Alors que la réputation de l’Afrique dans les milieux internationaux de la mode s’est accrue depuis qu’elle apparaît comme une source d’inspiration pour les créateurs occidentaux, la presse internationale de mode ne fait pas grand cas des nombreux designers africains impliqués dans des transformations innovantes du style africain. Leur travail découle d’une longue histoire de la mode en Afrique, un continent dont les styles d’habillement donnent une idée aussi bien des cultures anciennes que des tendances mondiales les plus récentes. Aujourd’hui beaucoup de designers africains créent des vêtements qui font référence à ou qui empruntent aux habitudes vestimentaires locales, mélangeant souvent ces formes avec les influences internationales. Leurs débouchés sont nombreux, depuis les défilés saisonniers de la haute couture internationale jusqu’aux marchés locaux, où les vêtements reflètent la transformation rapide des styles locaux.
Mode : de l’indigène partout
Dans son rapport 2004 sur l’analyse anthropologique courante de l’habillement, Karen Hansen notait que de récentes bourses d’études dans diverses académies « démontrent que la mode n’est plus la propriété exclusive de l’Ouest » (Hansen 2004 : 370). L’intérêt pour la mode non-occidentale dans les sphères universitaires s’est surtout porté sur l’Asie, qui a été une source d’inspiration « exotique » pour les occidentaux (davantage que l’Afrique) et aussi un vivier de designers stylistes de renommée internationale (à la différence de l’Afrique). Comme le note Lisa Skov, le Japon en particulier a été le premier acteur non-occidental dans le cercle très fermé de la haute couture. »Dans les années 80, pour la première fois des stylistes non-occidentaux sont arrivés à influencer la tendance en matière de mode, quand Issey Miyake, Yohji Yamamoto, et Rei Kawakubo, avec une série d’autres designers japonais, se sont affirmés comme les innovateurs principaux de la mode dans le monde » (Skov 2003 : 216)
Deux publications récentes offrent un riche aperçu des croisements entre les courants traditionnel et contemporain dans les milieux de la mode en Asie, constituant un précédent important pour l’analyse de la mode africaine. China Chic : East Meets West (Steele and Major 1999) se focalise sur les multiples dimensions de la mode chinoise – styles historiques, absorption de nouvelles influences, résurgence de styles historiques et internationalisation de ces styles. Re-Orienting Fashion : The Globalization of Asian Dress (Niessen, Leshkowich, Jones, eds. 2003) explore le vêtement contemporain asiatique comme symbole d’une identité locale, de la communauté diasporique et de l’élégance internationale. Alors que pour l’industrie internationale de la mode dominée par l’occident, les systèmes de la mode africaine et asiatique n’ont en commun que leur mutuelle « altérité », l’étude de la création vestimentaire dans ces deux domaines démontre brillamment que la mode n’est pas « indigène » uniquement par rapport aux cultures occidentales.

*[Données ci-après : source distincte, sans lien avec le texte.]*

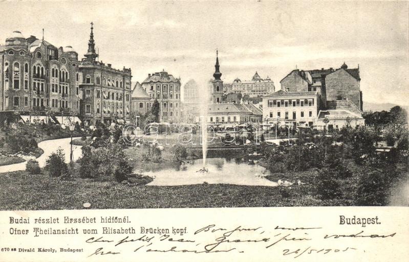 Leírás: Budapest I. Tabán az Erzsébet hídfőnél, Döbrentei tér, Rácz fürdő, Keller Ignácz tabáni sör és borcsarnoka, Divald Károly 670.
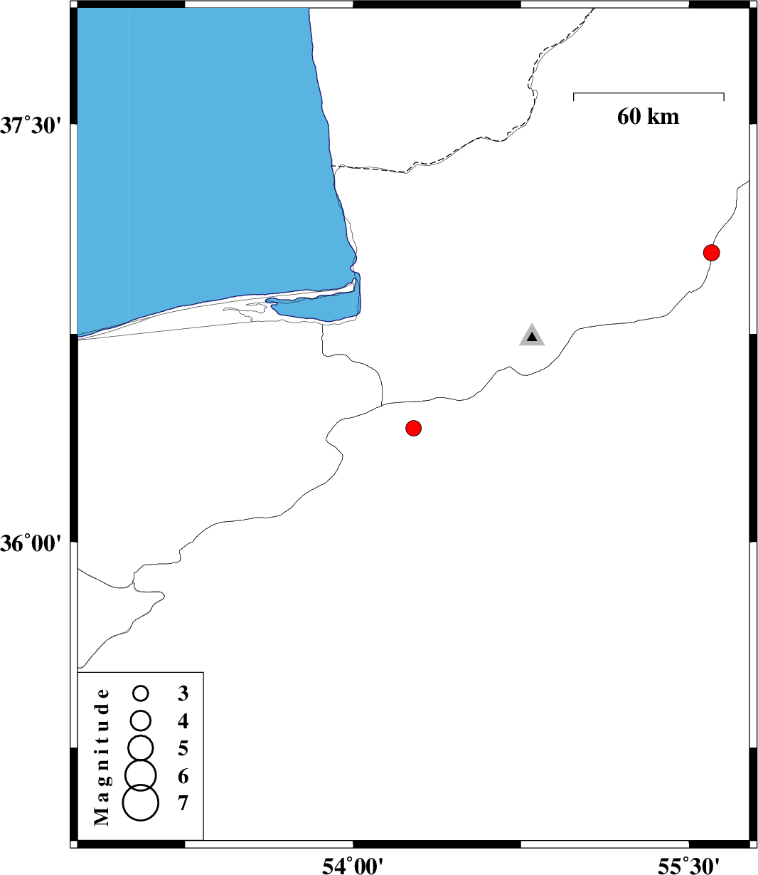 2013/09/08 | 20:39:03.2 | 01:09:03.2 | 37.04 | 55.6 | 18 | ML:3.2 | Semnan Province, 29 km South-East of Minodasht |
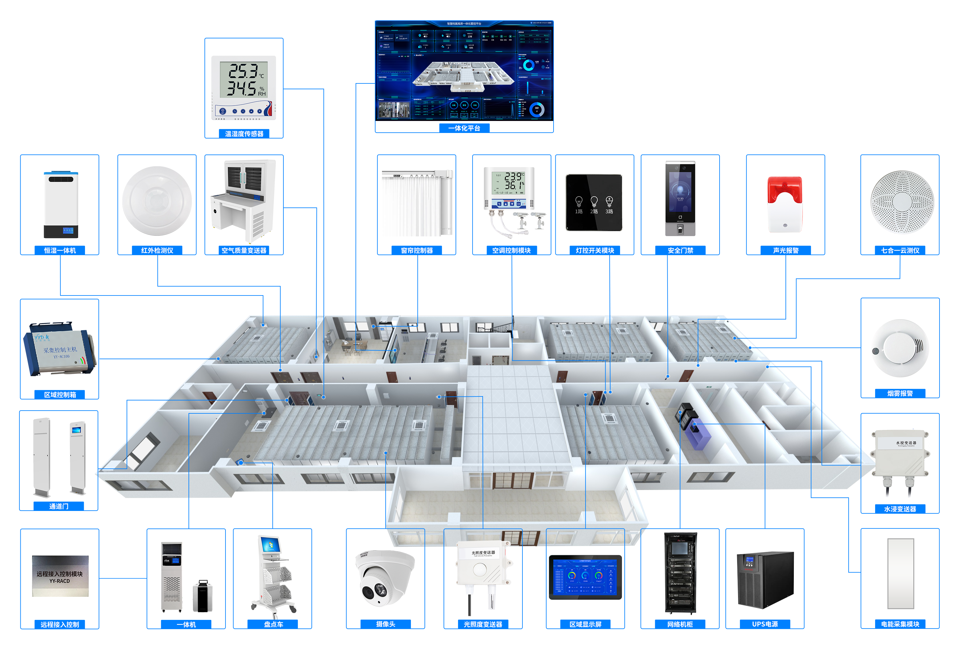 通過一套系統實現庫房內實體檔案管理設備、檔案存儲設備、檔案庫房環境監控設備、檔案庫房安全防范設備等的統一管理。
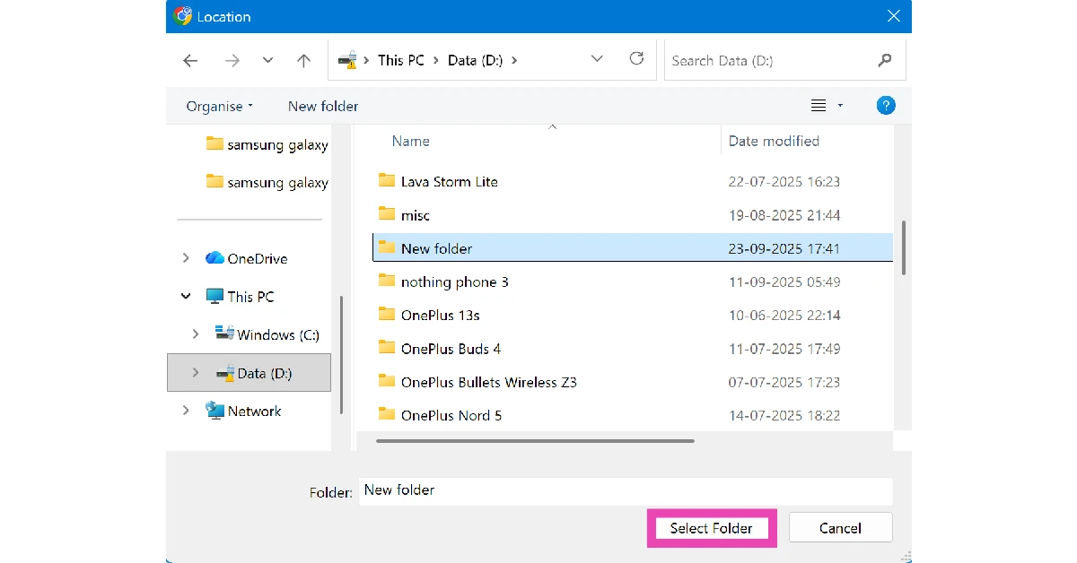 Krok 4:Wybierz preferowany cel podróży i kliknijWybierz Folder.
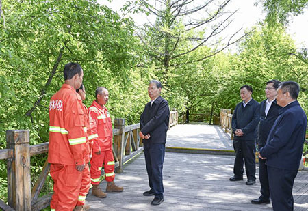 趙樂際率全國人大常委會執法檢查組檢查森林法實施情況,深入森工公司應急事務中心、林場和林業職工家中,實地檢查和瞭解法律實施情況;主持召開座談會,聽取政府部門、林業專家、一線工作者關於加強森林法實施的意見建議。
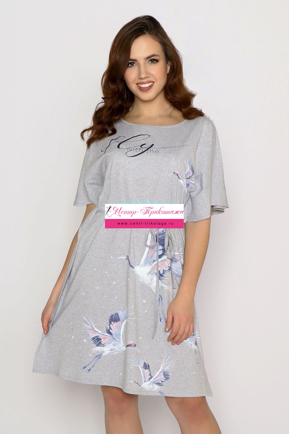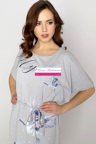 Платье "Журавли" (серый меланж) №М-П-05173-1
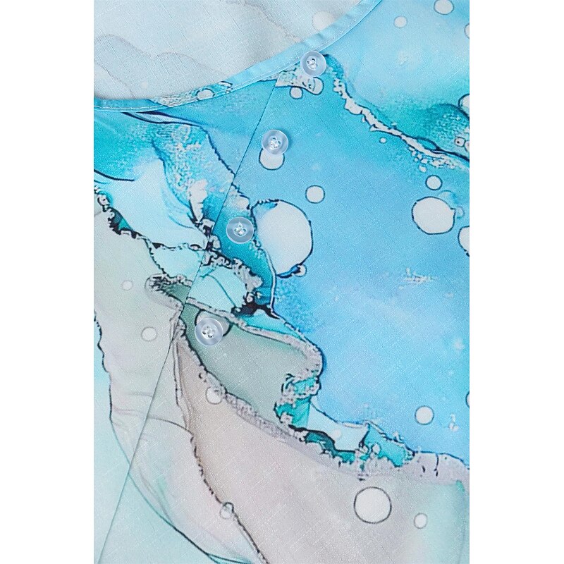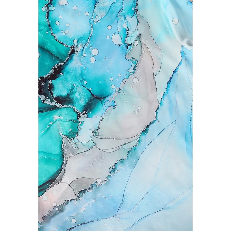 The top stands out with its captivating abstract marble-like pattern in gold and white on a soothing mint green background, lending a sense of elegance and modernity. This design is complemented by the clean, solid mint green of the pants, creating a harmonious and chic look.
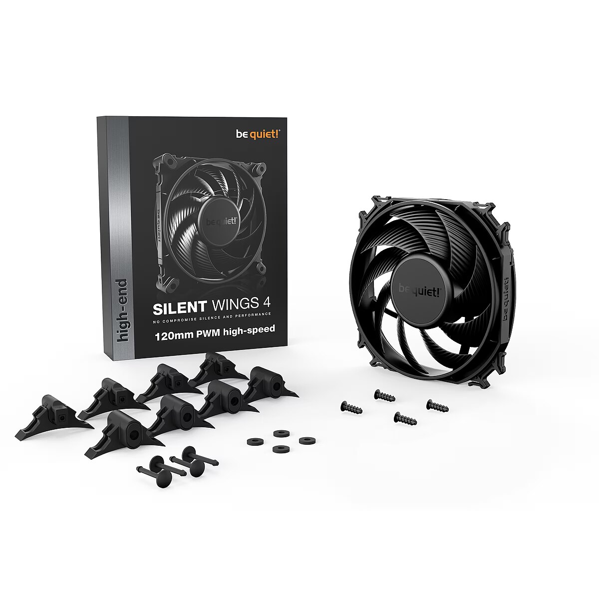 Description - UNCOMPROMISING SILENCE AND PERFORMANCE The Silent Wings 4 120mm PWM high-speed combines all the features of a virtually inaudible fan with an extremely powerful fan for the most demanding applications. Optimised fan blades for highest performance on heatsinks and coolers. Small clearance between fan blades and fan frame and funnel-shaped air outlet for extremely high air pressure  Extremely quiet operation even at maximum speed 6-pole fan motor for reduced vibration and energy consumption Anti-vibration mounting with push-pin fasteners or screws  Extremely long service life of up to 300,000 hours Elegant design in all-black colour, with high-quality decoration  Equally quiet and efficient operation The Silent Wings 4 120mm PWM high-speed is the fan of choice for all possible applications. Whether in the case, on heatsinks or coolers, features such as the silent-optimised fan blades and the funnel-shaped fan frame make the Silent Wings 4 120mm PWM high-speed a fan that makes no compromises between virtually inaudible operation and high performance. Minimum distance for maximum air pressure The Silent Wings 4 120mm PWM high-speed ensures maximum air pressure and thus a significant increase in system performance. This is made possible by the reduced distance between the fan blades and the frame. This allows the Silent Wings 120mm PWM high-speed to be used in even the most demanding configurations.   For any application The Silent Wings 4 120mm PWM high-speed has 2 mounting options included. The pre-installed anti-vibration mount keeps noise-generating vibrations to a minimum. For coolers and heatsinks, the plastic mount is the best choice. What both solutions have in common is that they allow virtually inaudible operation at standard speed. The key to virtually inaudible operation when needed The 6-pole fan motor with 3 phases ensures very low energy consumption, less vibration and thus quiet operation at a maximum of 31.2 dB(A). Equipped with this state-of-the-art technology, the fan ensures smooth operation and thus reduces costs. For balanced operation The advanced hydrodynamic bearing (FDB) guarantees a very long fan life of up to 300,000 hours. In addition, it significantly reduces vibrations and supports the virtually inaudible operation of the Silent Wings 4 120mm PWM high-speed. Great looks from all sides Whether as a fan on the cooling or in the case: the Silent Wings 4 120mm PWM high-speed always makes a good impression. The all-black design combined with the high-quality sticker makes the fan stand out in any configuration. The Silent Wings 4 120mm PWM high-speed is a high-performance and incredibly good-looking fan.
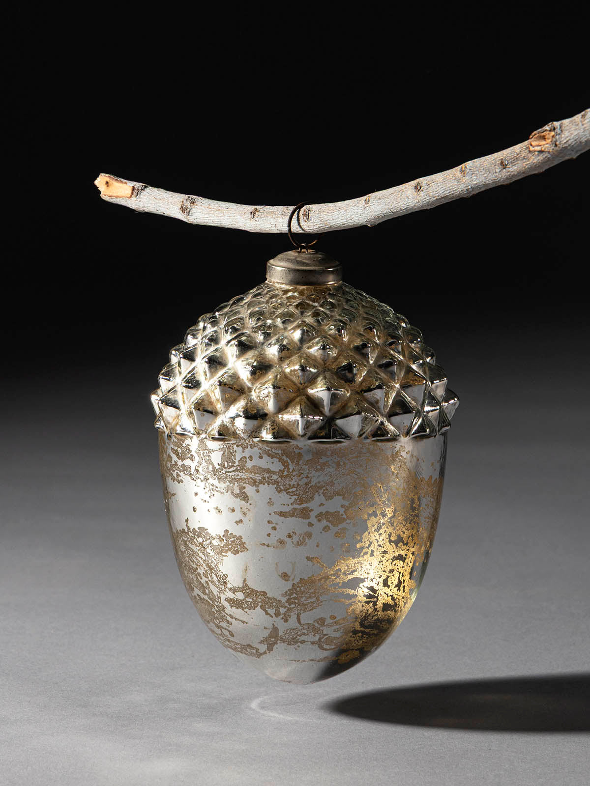 Celebrate the holidays with the Majuli Glass Decorative Object, a handcrafted ornament in lustrous mercury glass. Its acorn-like design and antique finish create a nostalgic festive glow, perfect for Christmas trees, wreaths, or table styling. Blending artisanal craftsmanship with seasonal elegance, this decorative piece transforms ordinary corners into magical, inviting spaces. A timeless accent that carries warmth and charm beyond the holiday season.

1. Adapté de l’introduction à un numéro spécial (à paraître) de Fashion Theory sur la création de mode africaine.
Les Recherches de Victoria L Rovine sur la mode africaine ont reçu l’appui de : the Rockefeller Foundation’s Bellagio Study Center, the Getty Foundation’s Curatorial Research Grant program, the University of Iowa (Arts and Humanities Initiative and International Programs), the University of Florida’s Transnational and Global Studies Center, and the National Endowment for the Arts.

NDLT
* Le tissu de Kente est fait par les tisserands ghanéens consommés, et les centres de tissage importants à Kumasi et autour abondent en tisserands qui lancent ici et là leurs navettes en fabriquant de longues bandes de Kente. Ces bandes peuvent être alors cousues ensemble pour former de grandes pièces qui sont portées par quelques Ghanéens (les chefs surtout) et achetées par les touristes à Accra et à Kumasi. Les couleurs et les modèles du Kente sont soigneusement choisis par le tisserand et celui qui le portera. Chaque symbole tissé dans le tissu a un sens spécial dans la culture ghanéenne.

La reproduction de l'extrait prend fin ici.